First of all having data stored digitally increases reproducibility because it is going to be easy to find. Secondly storing data systematically further increases this because there is a system so even if I do not explain how I stored something you will have a general idea of the system that I used so it will be much easier for you to find, not only the relevant data but also the context or metadata.
Going forward from this idea if reproducibility is reliant on metadata because this provides a very detailed description of under what conditions I received a certain result. The problem with this is that if I am doing some research and following a set of protocols I have no idea what metadata will be interesting for someone that will try to build upon my research later on.
There is data that has been recorded but not published, so you will never know about the context and you will not be able to reproduce the experiment. In this context, metadata holds a lot of potential but this is a very complex challenge – if you measure blood cholesterol, for example. Whether it comes from a fasting person or not would be contained in the metadata. I would argue that all of that is data but the contextual links between these data points is the metadata.
This is the area that I see ELN technologies providing a crucial role, as they can help to create links between different pieces and that is a core functionality of ELN.
The lab notebooks are places where you make those links but in theory, an ELN could help reproducibility by allowing future scientists to access data on protocols or instrument parameters that are not published in a scientific paper.
This is what drives the development of our product in the future. I would like to use the example of my car. I have a very old car that I drive because I do not need to go very far, I typically bike to work and so on. But I have this very old car, it is comfortable, I am used to it and so on but if I order an Uber and they pick me up in that type of car I would give them a very poor rating. What I am trying to say is that in science it is the same person asking the question who is also providing the answer. It is really this bias that the single person has. It is the same person that asks the question who then goes to the lab and finds the answer.
This affects the quality of the data because we are recording it for ourselves primarily. What we are trying to do in SciNote is to decouple the interface. The part where you ask the questions, organising samples and so on when you are looking for the right protocols should be separated from the part where you are doing the experiments and trying to figure out the answer and explain how something works.
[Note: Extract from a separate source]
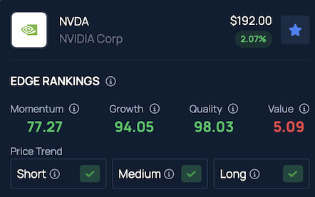 Benzinga Edge Stock Rankings place Nvidia in the 94th percentile for Growth and the 98th percentile for Quality, highlighting its standout performance compared to companies like Tesla and others.
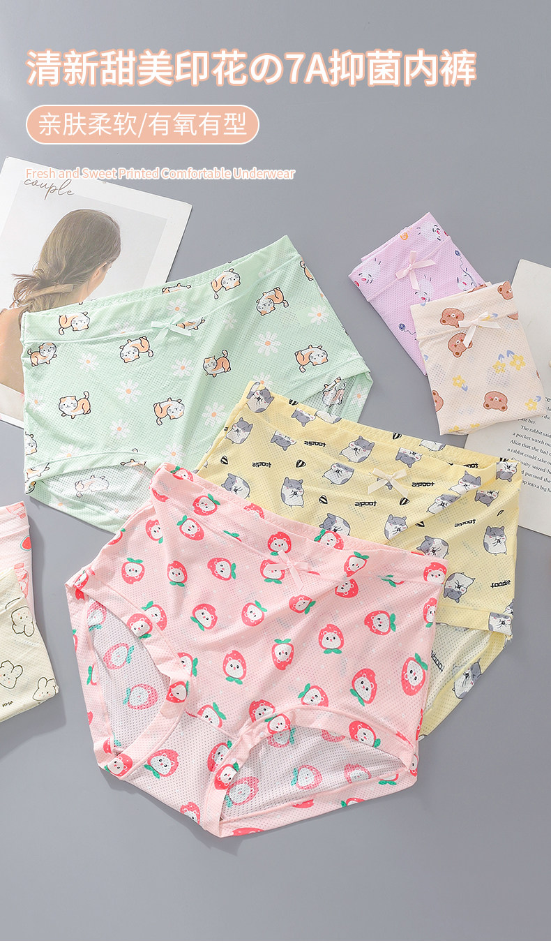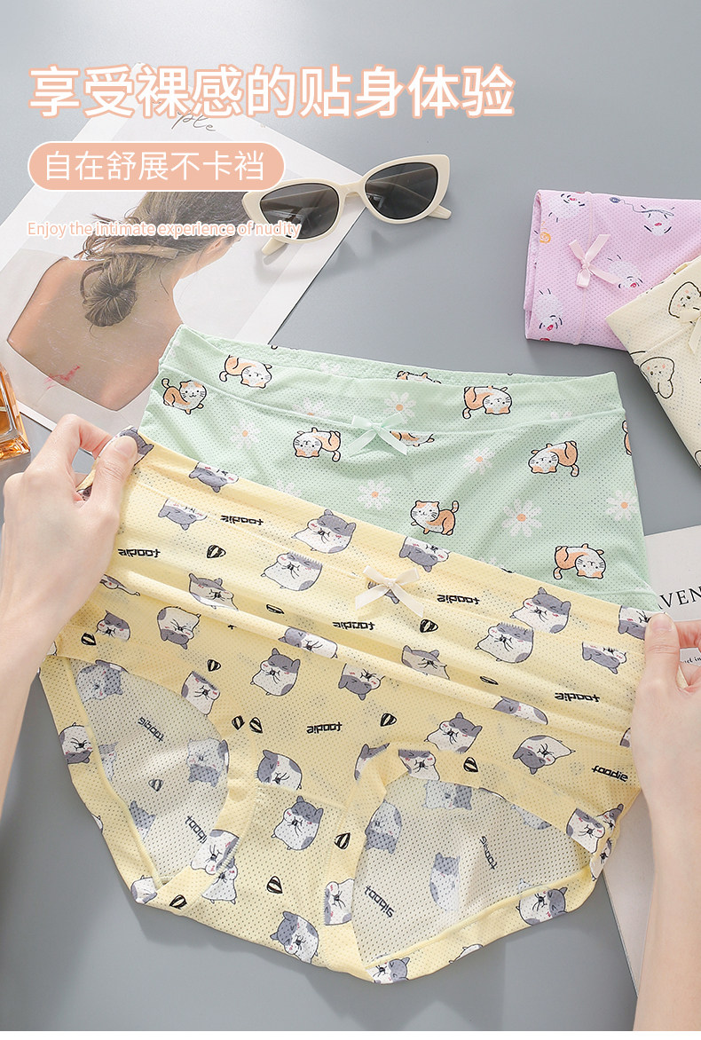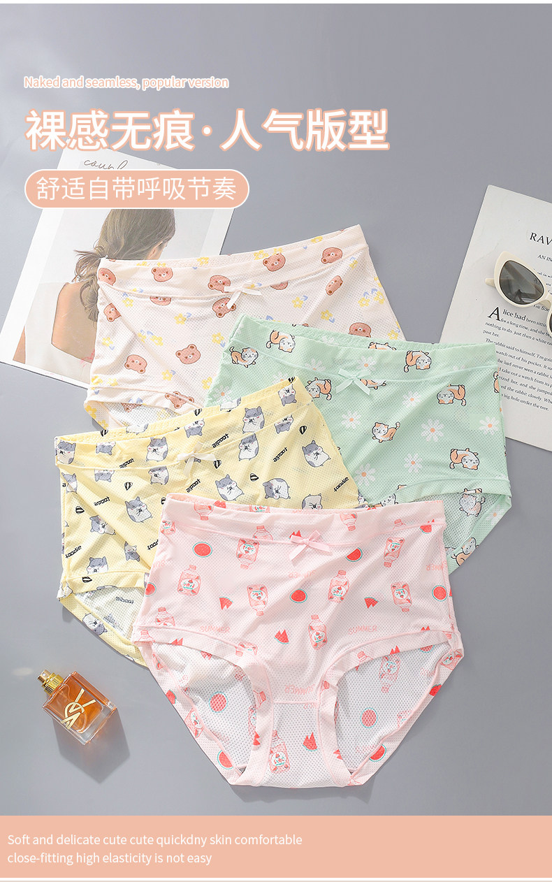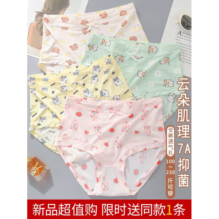 高腰冰絲內褲女加大加肥200斤7A抗菌襠女士速乾印花清新三角褲薄

We are trying to create user interfaces that are suited for the two different mindsets that scientists use be it the same person or lab manager or professor that is asking the question and the lab technician that are doing the work.
We want to create an interface for them to have efficient communication and automate as much of the linking of data as possible. We want to automate the recording of metadata as much as possible.
How do you implement this in software?
This is the questions that we ask ourselves every day. I do not have a final answer but it drives us philosophically towards where we want to go. Standardisation is a key part, we have gone towards standardisation but we quickly come to a trap where we want to standardise data formats and this is something that is very different from what we are talking about now.
Really the only standard that all scientists agree on is that if you want to communicate a scientific discovery you need to write an introduction, material and methods, results, discussion and literature. That is fine because it encapsulates science very well. Understanding this structure and working our from this structure so we can standardise the way that questions are asked and defined so we can then measure quality and notify users about what is happening in the lab as results are being produced.
I do not think there is a simple answer to this question, it relies on a lot of detail and we need some time to pass for a lot of users to give feedback.
We are not there yet but this is the driving force behind where we want to go.